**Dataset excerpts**
--- START ---
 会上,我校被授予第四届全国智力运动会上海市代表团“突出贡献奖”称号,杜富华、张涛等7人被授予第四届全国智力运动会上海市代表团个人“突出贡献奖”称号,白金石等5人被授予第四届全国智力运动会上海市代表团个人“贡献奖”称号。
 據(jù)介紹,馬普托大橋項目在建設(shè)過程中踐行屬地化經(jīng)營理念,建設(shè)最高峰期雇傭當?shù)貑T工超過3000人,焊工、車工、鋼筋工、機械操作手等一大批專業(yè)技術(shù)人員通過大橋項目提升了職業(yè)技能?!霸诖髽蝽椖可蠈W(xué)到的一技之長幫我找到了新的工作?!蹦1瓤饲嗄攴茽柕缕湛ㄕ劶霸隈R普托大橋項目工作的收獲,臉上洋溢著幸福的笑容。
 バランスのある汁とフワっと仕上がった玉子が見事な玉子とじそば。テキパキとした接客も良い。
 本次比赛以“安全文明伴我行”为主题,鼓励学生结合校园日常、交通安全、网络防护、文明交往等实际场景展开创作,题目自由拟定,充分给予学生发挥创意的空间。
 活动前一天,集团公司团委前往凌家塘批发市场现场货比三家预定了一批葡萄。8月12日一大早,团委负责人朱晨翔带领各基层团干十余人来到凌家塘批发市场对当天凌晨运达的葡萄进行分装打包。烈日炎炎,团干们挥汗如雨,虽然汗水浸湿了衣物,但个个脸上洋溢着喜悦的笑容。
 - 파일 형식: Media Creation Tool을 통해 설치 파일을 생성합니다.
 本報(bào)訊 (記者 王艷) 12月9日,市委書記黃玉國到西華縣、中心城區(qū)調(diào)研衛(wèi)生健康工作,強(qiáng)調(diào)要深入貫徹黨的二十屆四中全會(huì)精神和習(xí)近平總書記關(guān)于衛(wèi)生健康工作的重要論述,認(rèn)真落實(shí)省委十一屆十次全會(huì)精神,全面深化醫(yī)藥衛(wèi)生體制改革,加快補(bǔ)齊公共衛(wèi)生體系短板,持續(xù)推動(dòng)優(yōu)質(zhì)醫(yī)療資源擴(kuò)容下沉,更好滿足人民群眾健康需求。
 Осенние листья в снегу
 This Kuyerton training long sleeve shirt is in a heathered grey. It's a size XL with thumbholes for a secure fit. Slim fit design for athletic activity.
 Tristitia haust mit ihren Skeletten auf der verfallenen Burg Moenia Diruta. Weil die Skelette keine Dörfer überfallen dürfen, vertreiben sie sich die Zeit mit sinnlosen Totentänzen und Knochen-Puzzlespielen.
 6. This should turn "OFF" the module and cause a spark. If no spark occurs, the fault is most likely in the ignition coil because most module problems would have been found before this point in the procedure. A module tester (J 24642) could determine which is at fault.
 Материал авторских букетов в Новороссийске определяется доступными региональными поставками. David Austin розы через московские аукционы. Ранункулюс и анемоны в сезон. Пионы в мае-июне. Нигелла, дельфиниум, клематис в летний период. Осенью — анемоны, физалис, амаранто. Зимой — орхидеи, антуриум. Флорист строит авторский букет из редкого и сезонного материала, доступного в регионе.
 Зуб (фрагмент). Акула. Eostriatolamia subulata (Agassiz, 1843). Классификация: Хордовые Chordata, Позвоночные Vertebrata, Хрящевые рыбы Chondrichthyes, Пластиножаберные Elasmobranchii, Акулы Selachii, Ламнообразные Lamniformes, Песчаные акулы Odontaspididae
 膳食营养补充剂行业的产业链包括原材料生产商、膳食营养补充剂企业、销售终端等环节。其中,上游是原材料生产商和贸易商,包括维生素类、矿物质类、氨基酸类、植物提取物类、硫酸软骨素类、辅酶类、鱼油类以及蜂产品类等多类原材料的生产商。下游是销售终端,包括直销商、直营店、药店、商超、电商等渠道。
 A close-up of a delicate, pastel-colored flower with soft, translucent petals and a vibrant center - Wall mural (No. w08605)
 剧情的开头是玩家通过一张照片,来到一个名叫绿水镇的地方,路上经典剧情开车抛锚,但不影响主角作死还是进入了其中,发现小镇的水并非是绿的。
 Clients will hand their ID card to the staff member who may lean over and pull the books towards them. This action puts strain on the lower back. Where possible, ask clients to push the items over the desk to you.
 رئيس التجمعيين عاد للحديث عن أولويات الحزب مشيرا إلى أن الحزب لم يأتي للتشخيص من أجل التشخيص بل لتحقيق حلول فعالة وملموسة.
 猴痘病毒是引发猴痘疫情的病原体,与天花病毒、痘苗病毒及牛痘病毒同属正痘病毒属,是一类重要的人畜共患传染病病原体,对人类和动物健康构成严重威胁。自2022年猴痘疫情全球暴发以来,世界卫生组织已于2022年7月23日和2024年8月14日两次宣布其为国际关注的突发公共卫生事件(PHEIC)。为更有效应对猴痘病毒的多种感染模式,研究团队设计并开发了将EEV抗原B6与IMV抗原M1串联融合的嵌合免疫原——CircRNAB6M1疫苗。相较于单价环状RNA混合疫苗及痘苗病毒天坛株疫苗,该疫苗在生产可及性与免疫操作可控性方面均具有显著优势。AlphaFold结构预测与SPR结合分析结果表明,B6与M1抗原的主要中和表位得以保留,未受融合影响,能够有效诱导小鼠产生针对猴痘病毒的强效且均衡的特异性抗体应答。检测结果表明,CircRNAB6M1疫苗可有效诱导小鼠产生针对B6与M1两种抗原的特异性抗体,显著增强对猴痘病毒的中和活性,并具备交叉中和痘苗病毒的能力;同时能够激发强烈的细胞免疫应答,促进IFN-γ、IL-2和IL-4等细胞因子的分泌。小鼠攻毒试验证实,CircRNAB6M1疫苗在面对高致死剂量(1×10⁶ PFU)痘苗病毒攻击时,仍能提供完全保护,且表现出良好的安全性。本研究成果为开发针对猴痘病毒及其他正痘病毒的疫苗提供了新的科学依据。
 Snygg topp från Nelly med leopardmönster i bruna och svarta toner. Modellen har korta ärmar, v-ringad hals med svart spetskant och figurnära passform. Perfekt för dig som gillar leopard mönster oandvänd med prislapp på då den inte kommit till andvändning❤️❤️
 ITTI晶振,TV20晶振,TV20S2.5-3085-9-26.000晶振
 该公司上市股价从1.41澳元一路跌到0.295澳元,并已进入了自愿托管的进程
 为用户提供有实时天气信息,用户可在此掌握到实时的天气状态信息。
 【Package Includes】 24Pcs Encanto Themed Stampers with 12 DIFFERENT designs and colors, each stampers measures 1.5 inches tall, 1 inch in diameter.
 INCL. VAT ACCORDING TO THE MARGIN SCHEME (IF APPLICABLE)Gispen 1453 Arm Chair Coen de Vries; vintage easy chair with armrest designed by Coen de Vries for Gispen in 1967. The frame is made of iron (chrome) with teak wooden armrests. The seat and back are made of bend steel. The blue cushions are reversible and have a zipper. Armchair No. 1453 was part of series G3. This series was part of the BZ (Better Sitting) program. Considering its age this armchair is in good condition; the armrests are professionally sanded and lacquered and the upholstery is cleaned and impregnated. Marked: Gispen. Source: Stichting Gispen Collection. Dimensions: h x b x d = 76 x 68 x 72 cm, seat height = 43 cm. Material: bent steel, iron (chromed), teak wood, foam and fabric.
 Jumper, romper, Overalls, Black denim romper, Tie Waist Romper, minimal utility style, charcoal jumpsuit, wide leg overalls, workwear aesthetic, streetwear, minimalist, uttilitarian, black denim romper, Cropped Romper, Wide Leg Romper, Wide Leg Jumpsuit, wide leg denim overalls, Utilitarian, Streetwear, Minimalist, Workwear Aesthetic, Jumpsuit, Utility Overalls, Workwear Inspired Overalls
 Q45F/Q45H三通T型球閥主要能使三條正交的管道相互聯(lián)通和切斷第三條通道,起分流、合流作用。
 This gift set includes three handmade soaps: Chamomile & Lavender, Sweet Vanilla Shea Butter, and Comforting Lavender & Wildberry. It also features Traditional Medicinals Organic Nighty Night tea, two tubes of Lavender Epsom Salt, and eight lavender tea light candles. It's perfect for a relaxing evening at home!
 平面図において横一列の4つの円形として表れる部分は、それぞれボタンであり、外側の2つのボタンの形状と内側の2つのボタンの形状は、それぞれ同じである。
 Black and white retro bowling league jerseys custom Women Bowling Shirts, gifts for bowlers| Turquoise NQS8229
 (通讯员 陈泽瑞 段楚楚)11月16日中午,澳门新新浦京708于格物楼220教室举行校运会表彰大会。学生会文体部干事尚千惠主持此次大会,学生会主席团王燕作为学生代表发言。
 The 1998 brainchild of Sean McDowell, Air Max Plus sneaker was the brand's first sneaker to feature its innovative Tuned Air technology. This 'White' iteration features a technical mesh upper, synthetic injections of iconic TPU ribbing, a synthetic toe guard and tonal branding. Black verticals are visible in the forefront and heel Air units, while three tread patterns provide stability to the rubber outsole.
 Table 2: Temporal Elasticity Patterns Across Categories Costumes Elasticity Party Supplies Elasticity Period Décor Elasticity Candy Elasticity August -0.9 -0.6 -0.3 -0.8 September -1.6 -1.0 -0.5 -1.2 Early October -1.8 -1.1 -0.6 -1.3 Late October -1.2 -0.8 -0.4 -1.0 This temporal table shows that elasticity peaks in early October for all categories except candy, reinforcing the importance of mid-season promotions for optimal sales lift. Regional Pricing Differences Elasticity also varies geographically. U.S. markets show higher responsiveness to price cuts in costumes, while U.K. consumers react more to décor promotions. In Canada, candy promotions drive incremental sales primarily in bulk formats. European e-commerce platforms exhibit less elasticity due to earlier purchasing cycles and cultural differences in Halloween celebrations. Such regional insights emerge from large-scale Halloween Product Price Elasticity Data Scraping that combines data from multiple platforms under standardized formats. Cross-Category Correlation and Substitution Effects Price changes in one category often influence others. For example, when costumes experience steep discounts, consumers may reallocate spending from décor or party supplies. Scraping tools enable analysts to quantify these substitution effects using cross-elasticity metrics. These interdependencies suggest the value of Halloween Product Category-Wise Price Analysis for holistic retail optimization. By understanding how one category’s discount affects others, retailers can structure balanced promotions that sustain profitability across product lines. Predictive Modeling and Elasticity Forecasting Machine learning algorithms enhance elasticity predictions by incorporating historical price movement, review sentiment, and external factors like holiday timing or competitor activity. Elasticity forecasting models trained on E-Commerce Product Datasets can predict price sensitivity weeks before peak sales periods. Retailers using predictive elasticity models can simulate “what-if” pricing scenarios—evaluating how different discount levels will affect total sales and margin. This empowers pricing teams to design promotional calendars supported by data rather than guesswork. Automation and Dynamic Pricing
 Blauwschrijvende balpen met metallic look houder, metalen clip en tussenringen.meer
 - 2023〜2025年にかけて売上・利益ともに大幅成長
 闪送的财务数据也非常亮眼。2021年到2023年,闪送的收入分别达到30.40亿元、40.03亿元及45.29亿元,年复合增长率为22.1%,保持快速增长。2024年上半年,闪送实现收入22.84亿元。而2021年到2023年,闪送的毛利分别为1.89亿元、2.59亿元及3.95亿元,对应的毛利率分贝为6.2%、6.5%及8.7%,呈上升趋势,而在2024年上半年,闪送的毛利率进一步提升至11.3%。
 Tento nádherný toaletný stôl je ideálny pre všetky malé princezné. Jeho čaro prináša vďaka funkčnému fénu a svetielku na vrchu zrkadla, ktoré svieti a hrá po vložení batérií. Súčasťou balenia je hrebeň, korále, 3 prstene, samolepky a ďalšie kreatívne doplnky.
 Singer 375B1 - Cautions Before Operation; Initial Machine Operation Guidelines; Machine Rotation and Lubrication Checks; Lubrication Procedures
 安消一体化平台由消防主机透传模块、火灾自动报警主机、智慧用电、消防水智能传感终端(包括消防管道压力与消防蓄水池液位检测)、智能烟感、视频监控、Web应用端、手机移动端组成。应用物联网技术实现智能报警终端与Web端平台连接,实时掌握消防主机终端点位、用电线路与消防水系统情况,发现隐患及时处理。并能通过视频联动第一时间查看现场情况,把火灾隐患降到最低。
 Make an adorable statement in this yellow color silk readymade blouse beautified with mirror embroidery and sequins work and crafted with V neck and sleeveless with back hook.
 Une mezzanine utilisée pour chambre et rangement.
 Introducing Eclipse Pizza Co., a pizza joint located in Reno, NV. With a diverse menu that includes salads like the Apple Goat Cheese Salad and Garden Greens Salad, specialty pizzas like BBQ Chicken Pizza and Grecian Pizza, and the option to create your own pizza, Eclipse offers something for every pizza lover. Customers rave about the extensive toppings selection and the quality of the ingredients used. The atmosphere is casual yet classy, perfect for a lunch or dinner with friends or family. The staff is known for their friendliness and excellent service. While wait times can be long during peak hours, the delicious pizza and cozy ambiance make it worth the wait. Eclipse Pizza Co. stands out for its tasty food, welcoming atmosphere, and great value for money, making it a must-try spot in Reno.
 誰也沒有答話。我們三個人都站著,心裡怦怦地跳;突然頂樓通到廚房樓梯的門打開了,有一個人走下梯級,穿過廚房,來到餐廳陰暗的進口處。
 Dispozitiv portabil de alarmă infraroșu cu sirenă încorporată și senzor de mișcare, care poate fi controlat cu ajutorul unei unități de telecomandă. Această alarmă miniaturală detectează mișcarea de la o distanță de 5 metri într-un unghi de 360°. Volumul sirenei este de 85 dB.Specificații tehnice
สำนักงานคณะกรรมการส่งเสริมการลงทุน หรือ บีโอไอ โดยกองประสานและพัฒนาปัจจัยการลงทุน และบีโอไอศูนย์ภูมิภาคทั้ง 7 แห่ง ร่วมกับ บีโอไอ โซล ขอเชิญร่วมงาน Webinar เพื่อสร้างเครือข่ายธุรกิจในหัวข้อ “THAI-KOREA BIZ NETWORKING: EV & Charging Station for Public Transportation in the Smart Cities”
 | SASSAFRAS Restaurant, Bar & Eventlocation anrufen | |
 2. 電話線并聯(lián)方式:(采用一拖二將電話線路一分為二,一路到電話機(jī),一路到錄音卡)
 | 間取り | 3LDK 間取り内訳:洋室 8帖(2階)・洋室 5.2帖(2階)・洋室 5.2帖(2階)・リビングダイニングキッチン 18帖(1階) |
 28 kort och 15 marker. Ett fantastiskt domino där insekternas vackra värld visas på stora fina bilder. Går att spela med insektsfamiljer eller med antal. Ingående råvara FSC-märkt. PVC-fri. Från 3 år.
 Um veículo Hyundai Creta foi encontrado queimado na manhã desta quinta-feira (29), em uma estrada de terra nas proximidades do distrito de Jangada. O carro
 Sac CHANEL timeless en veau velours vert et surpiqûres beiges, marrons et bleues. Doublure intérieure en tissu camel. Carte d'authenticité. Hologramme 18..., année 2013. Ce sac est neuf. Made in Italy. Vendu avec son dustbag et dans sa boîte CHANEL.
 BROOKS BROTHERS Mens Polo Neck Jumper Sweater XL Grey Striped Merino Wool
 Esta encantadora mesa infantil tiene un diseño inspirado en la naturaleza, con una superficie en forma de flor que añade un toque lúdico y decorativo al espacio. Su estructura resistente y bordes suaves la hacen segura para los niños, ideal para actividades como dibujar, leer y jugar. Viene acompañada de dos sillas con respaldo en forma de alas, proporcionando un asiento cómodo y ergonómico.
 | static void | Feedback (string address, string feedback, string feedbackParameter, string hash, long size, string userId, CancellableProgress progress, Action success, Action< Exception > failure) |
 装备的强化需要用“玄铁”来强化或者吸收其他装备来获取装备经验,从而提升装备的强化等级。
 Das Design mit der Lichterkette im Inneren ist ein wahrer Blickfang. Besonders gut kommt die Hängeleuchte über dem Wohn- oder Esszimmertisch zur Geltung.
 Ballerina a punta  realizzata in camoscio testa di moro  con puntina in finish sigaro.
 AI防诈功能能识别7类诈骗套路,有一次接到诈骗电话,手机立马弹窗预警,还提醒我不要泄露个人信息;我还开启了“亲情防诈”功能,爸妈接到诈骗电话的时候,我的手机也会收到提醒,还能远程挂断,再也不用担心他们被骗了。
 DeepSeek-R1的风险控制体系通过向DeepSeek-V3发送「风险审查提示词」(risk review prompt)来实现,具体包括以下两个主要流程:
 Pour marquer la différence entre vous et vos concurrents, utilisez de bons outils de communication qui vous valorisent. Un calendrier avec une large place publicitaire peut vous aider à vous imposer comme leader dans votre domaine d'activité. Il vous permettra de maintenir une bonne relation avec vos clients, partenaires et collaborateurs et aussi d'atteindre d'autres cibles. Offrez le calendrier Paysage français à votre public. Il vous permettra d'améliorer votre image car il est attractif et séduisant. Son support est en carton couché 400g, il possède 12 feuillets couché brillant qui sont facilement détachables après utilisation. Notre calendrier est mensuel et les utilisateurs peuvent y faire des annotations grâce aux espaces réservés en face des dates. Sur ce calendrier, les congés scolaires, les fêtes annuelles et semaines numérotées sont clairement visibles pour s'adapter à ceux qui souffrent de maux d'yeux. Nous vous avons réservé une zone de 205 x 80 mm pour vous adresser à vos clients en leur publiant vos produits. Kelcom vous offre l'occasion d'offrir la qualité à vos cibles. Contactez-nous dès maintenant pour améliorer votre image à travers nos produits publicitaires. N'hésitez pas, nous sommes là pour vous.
--- END ---
**Required work**
Identify how many lines in the entries above include the string "staff", then state that number alone.

**Exercise response**
2